Top of Data excerpt

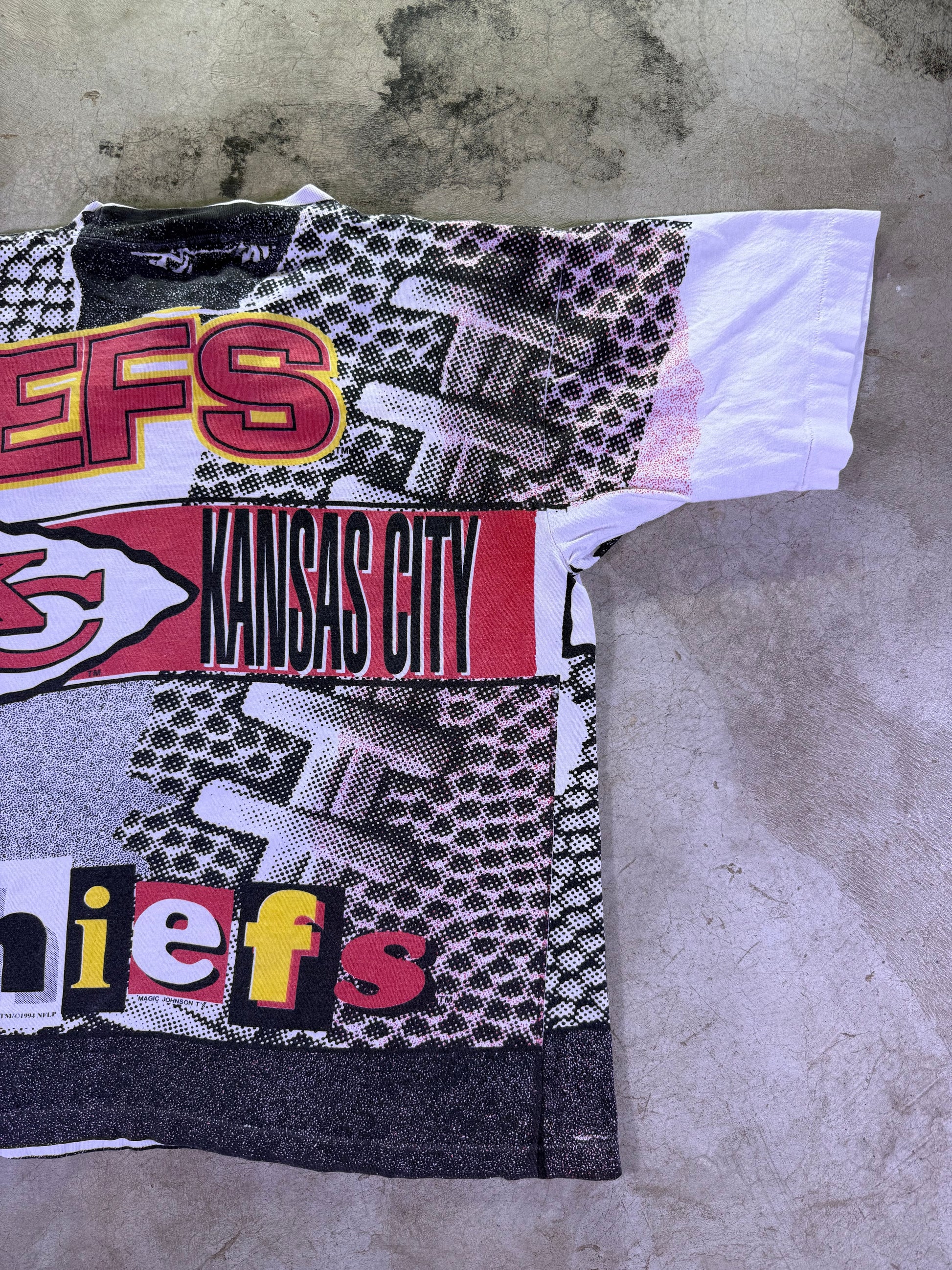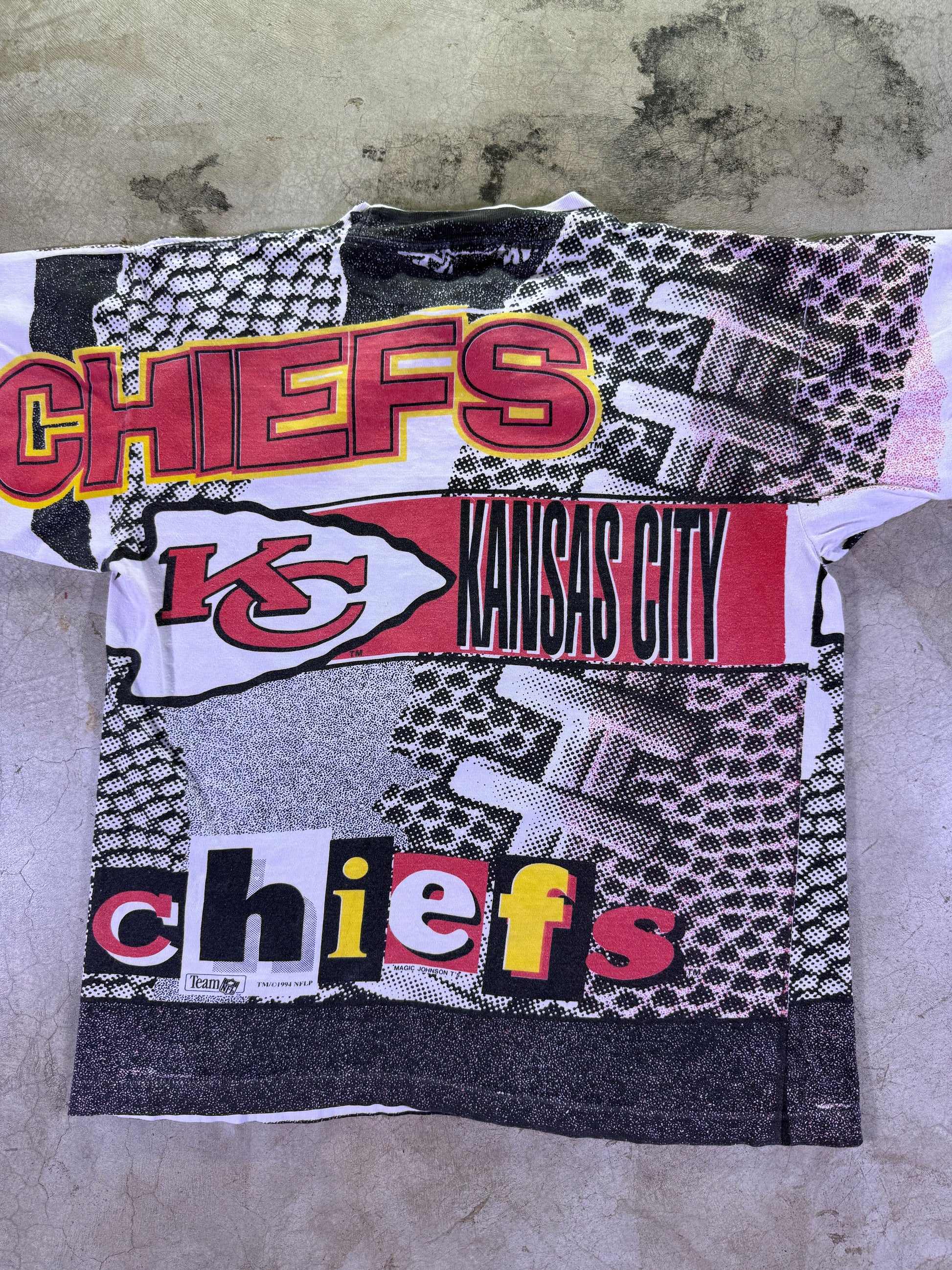 (S) 1994 Magic Johnson T’s x NFL KC Chiefs all over print t shirt
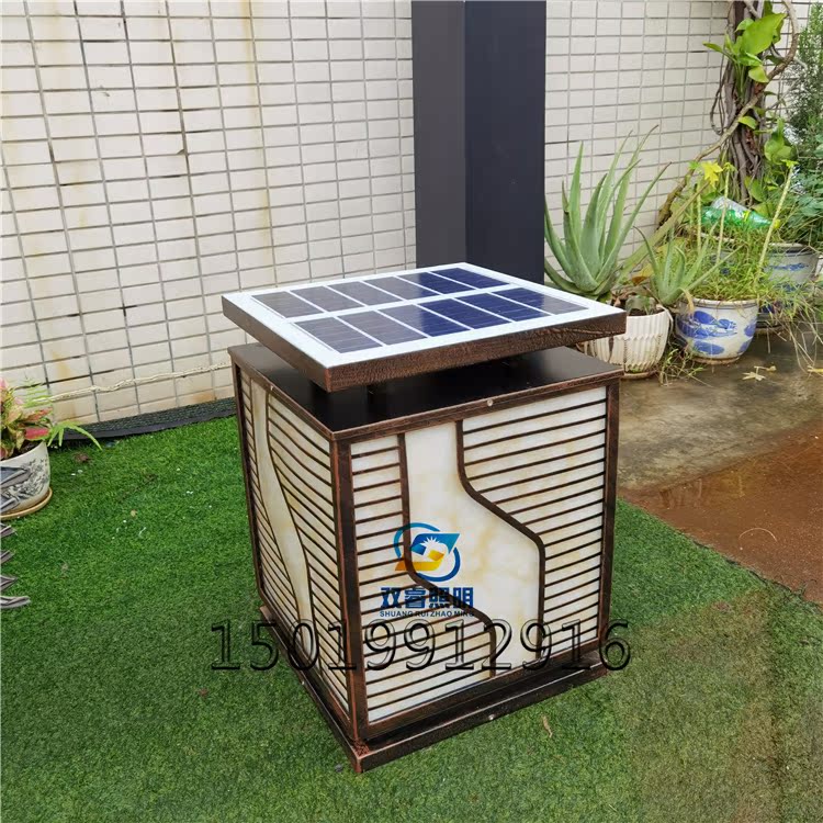 Solar outdoor column head lamp ancient bronze color doing old yard Falling Column lamp Four-in-house small Palace lamp Villa Wall Light Box
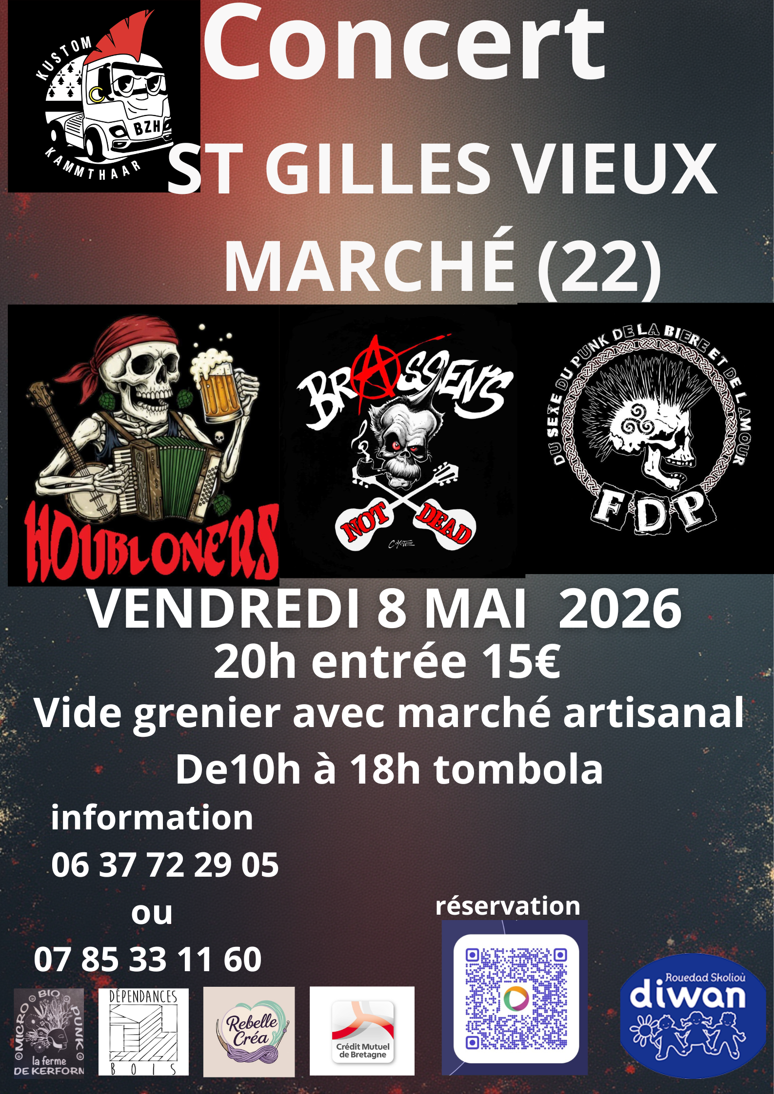 Marquez vos calendriers! Le 8 mai 2026, rejoignez-nous à St Gilles Vieux Marché (22) pour une journée riche en découvertes. Au programme: un grand marché artisanal pour dénicher des trésors locaux, un vide-grenier pour les bonnes affaires et, en soirée, des concerts exceptionnels avec les groupes Brssen's Not Dead, Houbloners et D.F.P Une ambiance garantie pour tous les âges et tous les goûts! Venez partager ce moment de convivialité avec l'Association Kustom Kammthaar BZH (22).
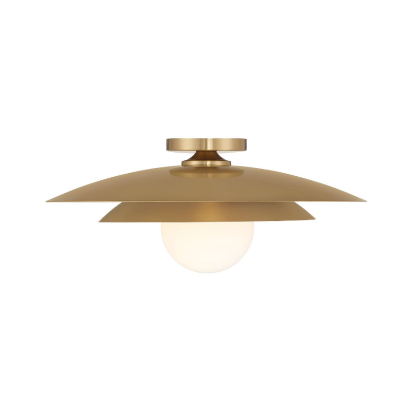 The Savoy House Sherrer 1-light ceiling semi-flush mount allows you to bring an icon of midcentury modern style into any room! It showcases a louvered shade that concentrates and directs the light coming from the white opal glass globe. The Warm Brass finish creates a bright and beautiful glow.

Bottom of Data excerpt

### Task objective
Start with the line with "Solar outdoor column" in the listing above and stop after the line with "Marquez vos calendriers!". Write out exactly the lines in that stretch and no others, without pictures.

### Final answer
 Solar outdoor column head lamp ancient bronze color doing old yard Falling Column lamp Four-in-house small Palace lamp Villa Wall Light Box
 Marquez vos calendriers! Le 8 mai 2026, rejoignez-nous à St Gilles Vieux Marché (22) pour une journée riche en découvertes. Au programme: un grand marché artisanal pour dénicher des trésors locaux, un vide-grenier pour les bonnes affaires et, en soirée, des concerts exceptionnels avec les groupes Brssen's Not Dead, Houbloners et D.F.P Une ambiance garantie pour tous les âges et tous les goûts! Venez partager ce moment de convivialité avec l'Association Kustom Kammthaar BZH (22).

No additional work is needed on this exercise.